START Listed entries

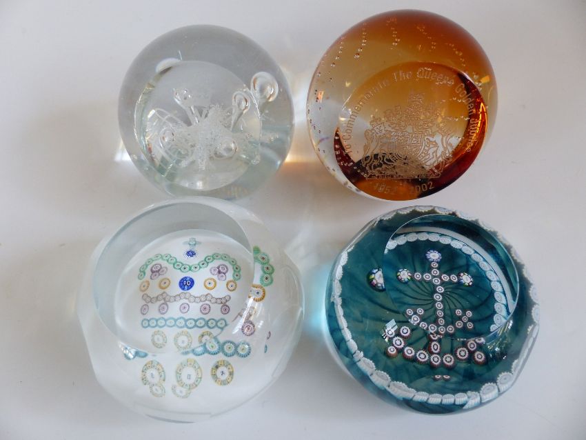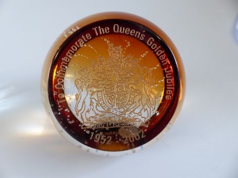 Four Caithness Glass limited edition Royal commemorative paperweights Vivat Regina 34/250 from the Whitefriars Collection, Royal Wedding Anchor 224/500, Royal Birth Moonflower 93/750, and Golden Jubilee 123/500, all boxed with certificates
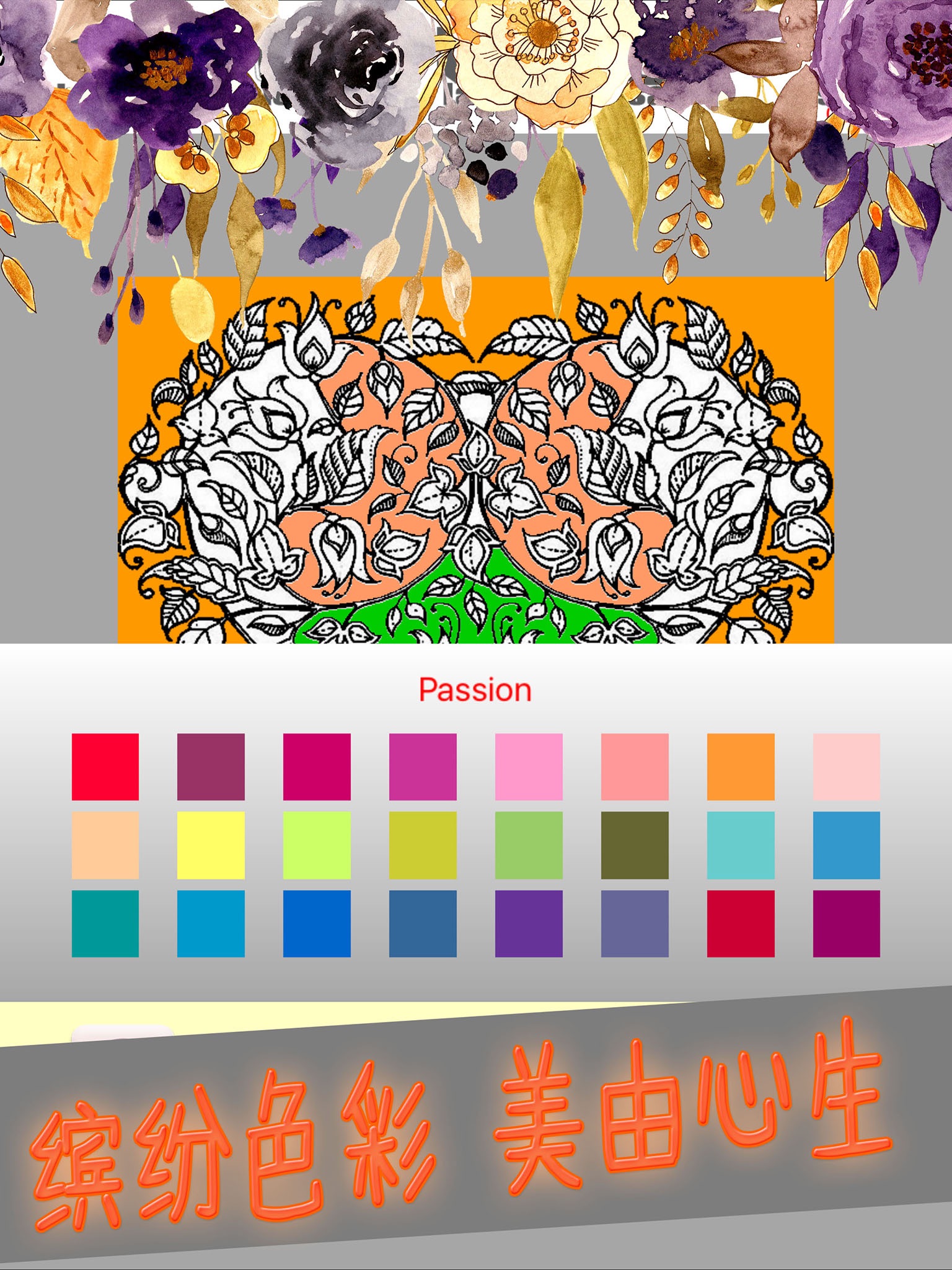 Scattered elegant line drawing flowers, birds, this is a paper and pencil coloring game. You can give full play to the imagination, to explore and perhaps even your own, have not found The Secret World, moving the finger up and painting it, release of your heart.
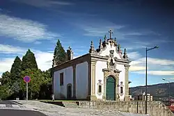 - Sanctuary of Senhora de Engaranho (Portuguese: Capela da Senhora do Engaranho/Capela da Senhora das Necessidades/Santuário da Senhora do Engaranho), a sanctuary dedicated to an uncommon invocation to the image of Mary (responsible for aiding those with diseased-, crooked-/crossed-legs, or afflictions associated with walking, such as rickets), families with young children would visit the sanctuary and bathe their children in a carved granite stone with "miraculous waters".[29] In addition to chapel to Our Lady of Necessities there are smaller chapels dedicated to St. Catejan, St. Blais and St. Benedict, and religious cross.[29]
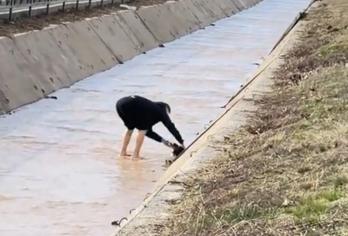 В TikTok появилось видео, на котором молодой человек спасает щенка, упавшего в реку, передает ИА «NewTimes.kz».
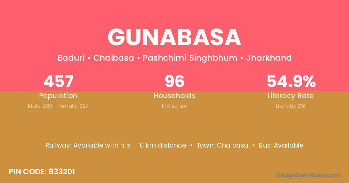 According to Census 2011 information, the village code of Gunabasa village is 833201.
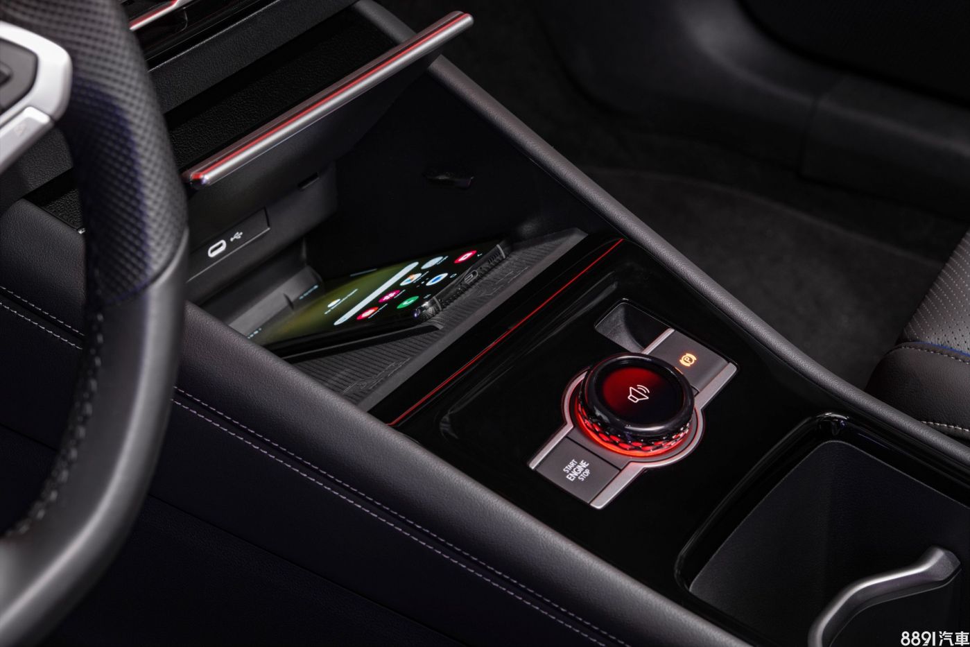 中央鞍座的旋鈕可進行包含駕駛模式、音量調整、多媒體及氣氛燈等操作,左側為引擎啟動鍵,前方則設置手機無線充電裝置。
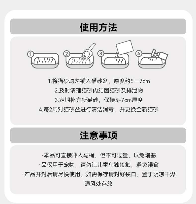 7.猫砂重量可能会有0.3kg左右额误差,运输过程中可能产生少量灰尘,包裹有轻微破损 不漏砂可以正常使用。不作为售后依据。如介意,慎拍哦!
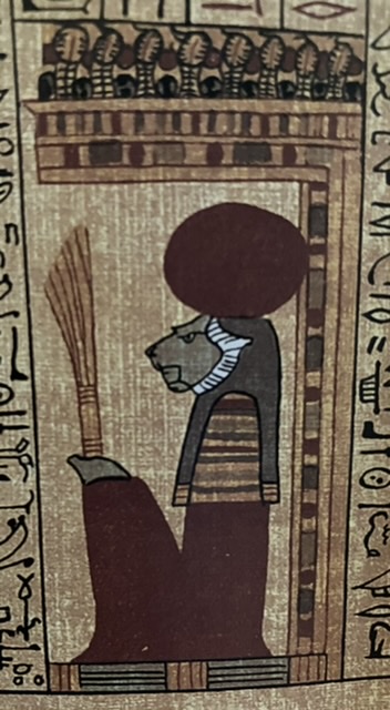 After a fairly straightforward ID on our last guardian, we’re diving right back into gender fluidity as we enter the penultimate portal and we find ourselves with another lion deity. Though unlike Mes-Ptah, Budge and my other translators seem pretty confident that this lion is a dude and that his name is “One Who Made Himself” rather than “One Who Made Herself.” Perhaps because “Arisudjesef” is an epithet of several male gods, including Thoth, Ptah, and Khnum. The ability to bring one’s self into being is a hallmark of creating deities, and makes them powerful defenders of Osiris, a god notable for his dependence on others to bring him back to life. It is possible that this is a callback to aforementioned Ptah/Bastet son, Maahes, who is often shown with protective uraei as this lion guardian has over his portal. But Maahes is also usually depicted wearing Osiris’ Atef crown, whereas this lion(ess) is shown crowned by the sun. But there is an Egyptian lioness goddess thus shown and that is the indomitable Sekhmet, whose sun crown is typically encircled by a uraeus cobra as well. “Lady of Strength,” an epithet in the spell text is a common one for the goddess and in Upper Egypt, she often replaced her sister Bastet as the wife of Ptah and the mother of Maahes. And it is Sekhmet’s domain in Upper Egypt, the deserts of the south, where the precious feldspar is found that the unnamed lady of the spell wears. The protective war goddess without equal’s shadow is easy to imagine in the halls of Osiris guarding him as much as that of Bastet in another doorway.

END Listed entries
START Listed entries

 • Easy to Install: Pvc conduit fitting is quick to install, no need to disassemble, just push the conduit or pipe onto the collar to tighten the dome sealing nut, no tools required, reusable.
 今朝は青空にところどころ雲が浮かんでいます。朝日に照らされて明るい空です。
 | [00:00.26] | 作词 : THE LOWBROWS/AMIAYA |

END Listed entries

Prompt: Both boundary lines included, write out word for word only the lines above from the one containing "中央鞍座的旋鈕可進行包含駕駛" to the one containing "7.猫砂重量可能会有0.3k", leaving out any pictures.

Response to this task:
 中央鞍座的旋鈕可進行包含駕駛模式、音量調整、多媒體及氣氛燈等操作,左側為引擎啟動鍵,前方則設置手機無線充電裝置。
 7.猫砂重量可能会有0.3kg左右额误差,运输过程中可能产生少量灰尘,包裹有轻微破损 不漏砂可以正常使用。不作为售后依据。如介意,慎拍哦!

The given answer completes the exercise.